Back in 1998, two separate rocks fell to our planet, with one smashing into the ground near children playing basketball in Texas and the second hitting Morocco, and only 20 years later it turned out that those space rocks contained unbelievable chemical components, APA reports quoting Sputnik.
The meteorites are said to be filled with both liquid water and a mix of complex organic compounds, including hydrocarbons and amino acids. The study, released on January 10 in the journal Science Advances, showed the first comprehensive chemical exploration of organic matter and liquid water in salt crystals found in meteorites on the Earth.
David Kilcoyne, a scientist at Berkeley Lab's Advanced Light Source (ALS), which provided X-rays used to scan the samples' organic chemical makeup, such as carbon, oxygen, and nitrogen, was a member of the international research team that conducted the study.
"It's like a fly in amber," Kilcoyne says. Despite the fact that the discovery does not prove that there is life beyond Earth, the scientist reveals that the meteorites' “encapsulation of rich chemistry” may be equated to the preservation of “prehistoric insects in solidified sap droplets.”
"This is really the first time we have found abundant organic matter also associated with liquid water that is really crucial to the origin of life and the origin of complex organic compounds in space," Queenie Chan shared, a planetary scientist, who was the study's lead author, adding “We're looking at the organic ingredients that can lead to the origin of life.”

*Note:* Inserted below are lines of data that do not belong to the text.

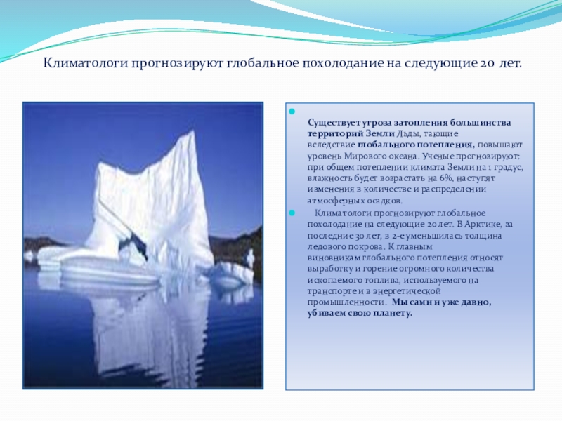 Климатологи прогнозируют глобальное похолодание на следующие 20 лет. В Арктике, за последние 30 лет, в 2-е уменьшилась толщина ледового покрова. К главным виновникам глобального потепления относят выработку и горение огромного количества ископаемого топлива, используемого на транспорте и в энергетической промышленности. Мы сами и уже давно, убиваем свою планету.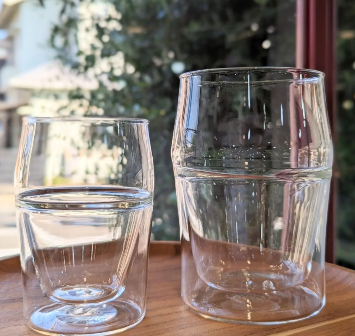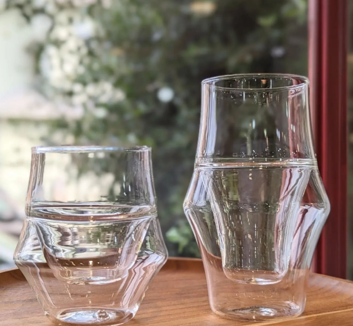 手に持つ下部はダブルで機能的。飲み口はシングルで口当たり良く、計算し尽くされたデザイン性の高いグラス。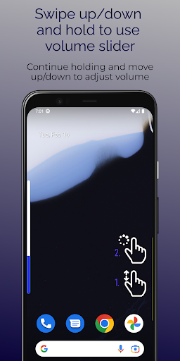- Hold after swipe to show volume slider for specific adjustment. Continue holding and swipe to set volume.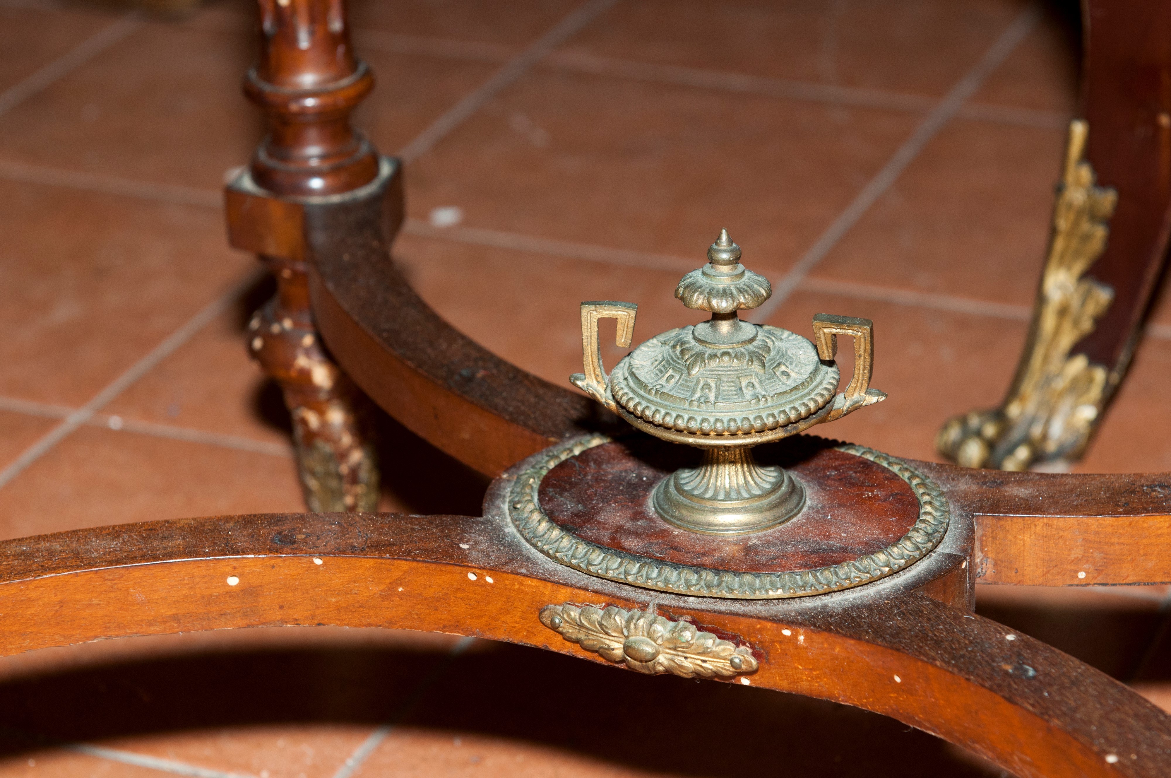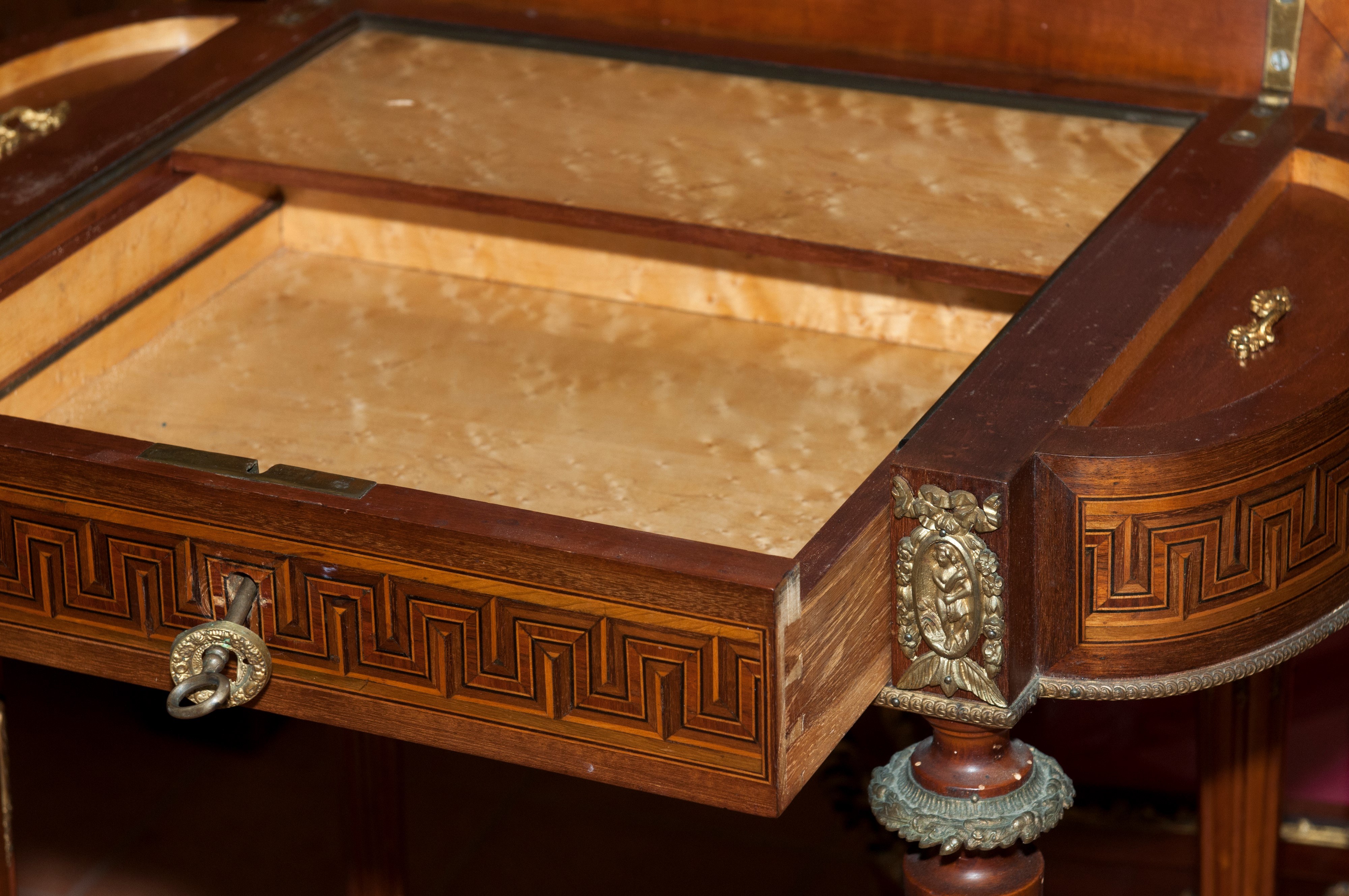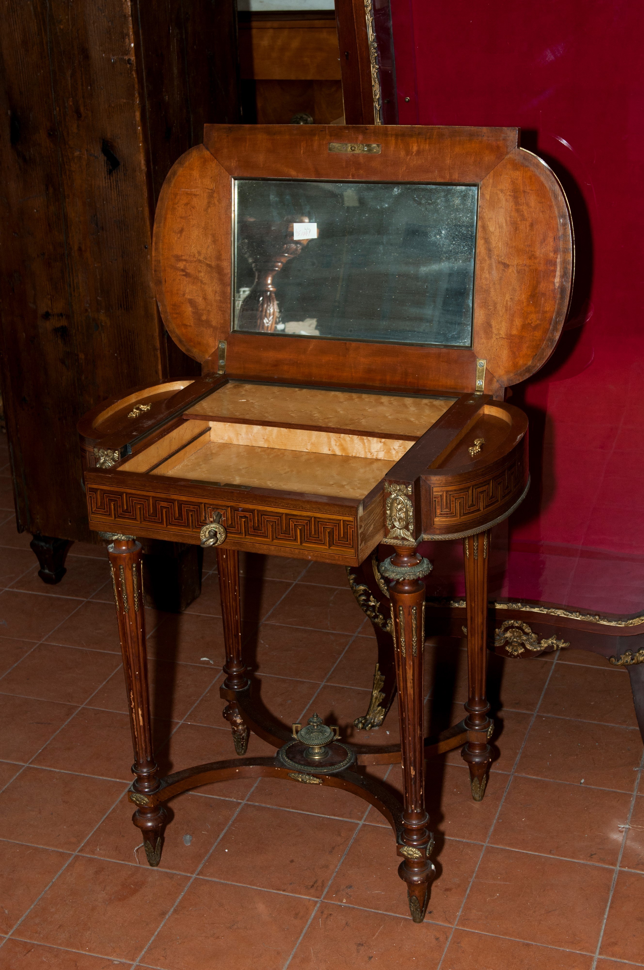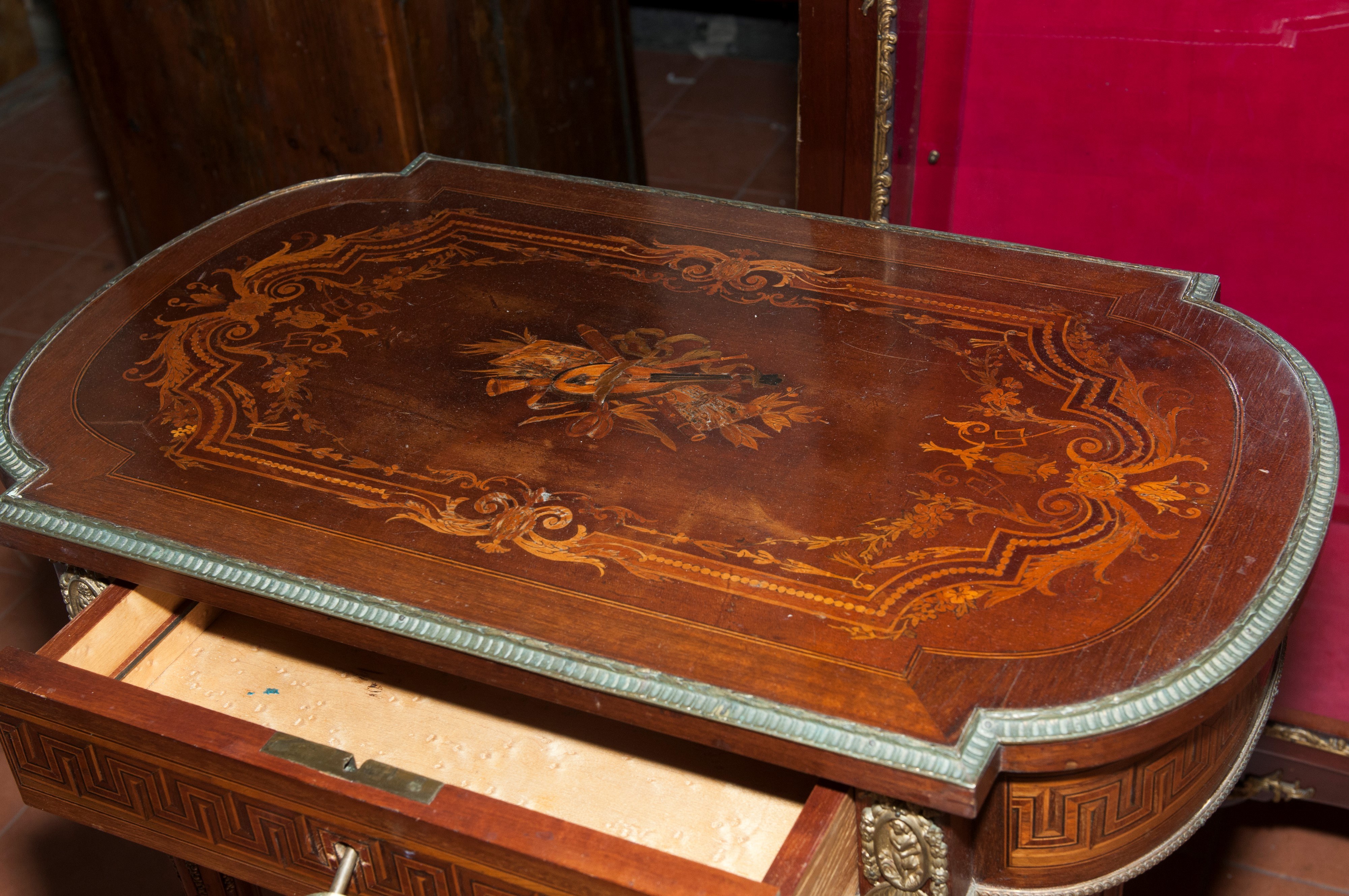 Made of mahogany and thuja wood, it features four fluted legs connected at the base, supporting a curved body with a drawer and a drop-leaf top. Inside, a compartment with two side drawers and a central mirror. The top is finished in fruitwood with musical instruments and foliage.

Chan believes that the meteorites may have crossed paths, due to the similarities in their materials, which can offer a host of possibilities for how organic matter may be “passed” from one asteroid host to another in space.
"Everything leads to the conclusion that the origin of life is really possible elsewhere," Chan said. "There is a great range of organic compounds within these meteorites, including a very primitive type of organics that likely represent the early solar system's organic composition."
"We revealed that the organic matter was somewhat similar to that found in primitive meteorites, but contained more oxygen-bearing chemistry," said Yoko Kebukawa, an associate professor of engineering at Yokohama National Univeristy, who took part in experiments for the study at Berkeley Lab’s ALS, adding "Combined with other evidence, the results support the idea that the organic matter originated from a water-rich, or previously water-rich parent body — an ocean world in the early solar system, possibly Ceres."
Chan outlined that there were some other “discoveries” from the meteorites that haven't been examined yet, and she was planning further studies to identify if any of those crystals may also contain water or complex organic matter.